Learning-Deep-Learning

KP3D: Self-Supervised 3D Keypoint Learning for Ego-motion Estimation

March 2020

tl;dr: Predict keypoints and depth from videos simultaneously and in a unsupervised fashion.

Overall impression

This paper is based on two streams of unsupervised research based on video. The first is depth estimation starting from sfm Learner, depth in the wild and scale-consistent sfm Learner, and the second is the self-supervised keypoint learning starting from superpoint, unsuperpoint and unsuperpoint with outlier rejection.

The two major enablers of this research is scale-consistent sfm Learner and unsuperpoint.

The main idea seems to be using sparse matched keypoint pairs to perform more accurate (relative) pose estimation. Previously the ego motion is directly regressed from two stacked neighboring images. This leads to much better ego motion estimation.

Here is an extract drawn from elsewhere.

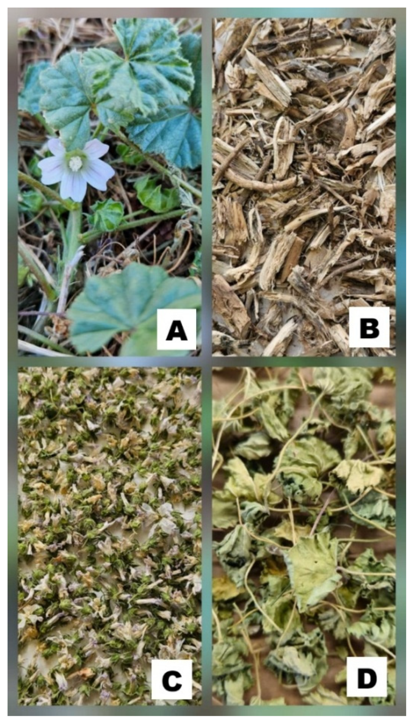 - Batiha, G.E.; Tene, S.T.; Teibo, J.O.; Shaheen, H.M.; Oluwatoba, O.S.; Teibo, T.K.A.; Al-Kuraishy, H.M.; Al-Garbee, A.L.; Alexiou, A.; Papadakis, M. The phytochemical profiling, pharmacological activities, and safety of Malva sylvestris: A review. Naunyn-Schmiedeberg’s Arch. Pharmacol. 2023, 396, 421–440. [Google Scholar] [CrossRef]
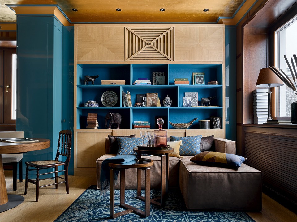 Когда мы впервые встретились с хозяйкой, она сказала, что ей нравятся восточные сказки, и я решила развить эту идею”, — рассказывает Кира. Заказчица много времени проводит дома, поэтому хотела, чтобы интерьер был бодрым и ярким, а ее супруг часто и надолго уезжает в командировки, и он мечтал о квартире в спокойных коричневатых оттенках, где можно отдохнуть от суеты. Все это дало ход фантазии: дизайнер нарисовала образ путешественника, который привез из дальних стран невесту с приданым и живет с ней здесь. Так крохотная трешка превратилась в небольшую роскошную резиденцию.

Both KP3D and D3VO uses DSO as backned, and KP3D reaches on par performance with DVSO while D3VO beats DVSO.

Key ideas

Some notation convention:
- $p_t \in I_t$ keypoints in target image and $p_s \in I_s$ keypoints in source image
- $p_t^{MV} \in I_s$ matched keypoints of $p_t$ in source image based on descriptor space. Based on the pair of $p_t \leftrightarrow p_t^{MV}$ we can compute the associated ego motion $x_{t \rightarrow s}$. Descriptor loss is based on this.
- $p_t^* \in I_s$ warped $p_t$ in source image ($\hat{p_t}$ in KP2D ). Sparse keypoint location loss is between $p_t^{MV}$ and $p_t^*$.
- Once $x_{t \rightarrow s}$ is known, dense Photometric loss and sparse keypoint location loss are formulated.

In the whole pipeline, calculating $p_t^$ is the hardest. In Homography Adaptation $p_t^$ can be calculated trivially, but in multi-view adaptation this is hard and need to project to 3D via $\pi^{-1}(R

t)$.

Instead of using CNN directly for pose estimation (PoseNet in sfm Learner), KP3D uses matched keypoint to do pose estimation, and this could be the key to the better performance (superpoint and unsuperpoint are known to yield very good HA, homography accuracy).
Added depth consistency, as the depth is scale-ambiguous. It is critical for ego-motion estimation. A sparse loss between $p_t$ and $p_t^{MV}$ is used.
Pose estimation from matched 2D points:
- Conventional method uses epipolar geometry constraint to get R and t
- As we have estimated Depth, we can do Epnp. However this is not differentiable and thus can only be used as an initial guess
- We can roughly use transformed 3d position (with initial guess) of keypoints to get 3D location of points in new camera coordinate. Then use the SVD based method (Kabsch algorithm to get a closed form solution. This is one special case of the ICP algorithm.

Technical details

Training process:
- Pretraining keypoint detector (similar to KP2D).
- KeypointNet and DepthNet both imageNet pretrained ResNet18.
- Changing backbone from VGG in KP2D to ResNet18 in KP3D improves performance.

Notes

Both Kabsch algorithm and ICP is solution to the problem of Orthogonal Procrustes problem 正交普鲁克问题.
普洛克路斯忒斯 (Procrustes) 是希臘神話中海神波塞頓 (Poseidon) 的兒子。他在雅典到埃萊夫西納 (Eleusis) 的神聖之路 (The Sacred Way) 上開設一間黑店，向路過的旅人謊稱店內設有一張適合所有人的鐵床。旅客投宿時，普洛克路斯忒斯將身高者截斷雙足，身矮者則強行拉長，使之與床的長短相同。從來沒有一個人的身長與鐵床的長度相同而免於凌遲，因為他暗地裡準備了兩張床[1]。後人於是以 Procrustean 表示「削足適履，殺頭便冠」，意思是將不同的長度、大小或屬性安裝到一個任意的標準。
正交 Procrustes 问题：给定两个mxn阶实矩阵A和B，求一个nxn阶实正交矩阵$Q^T=Q^{-1}$使得 $|B-AQ|_F$ 具有最小值，其中F是 Frobenius 范数。正交 Procrustes 问题是一个最小平方矩阵近似问题，可以这麽解读：A 是旅人，B 是铁床，正交 Procrustean 变换 (包含旋转和镜射) Q 即为施予旅人的肢体酷刑。我们的问题是求出一酷刑使旅人变形后的身长与铁床的长度最为吻合。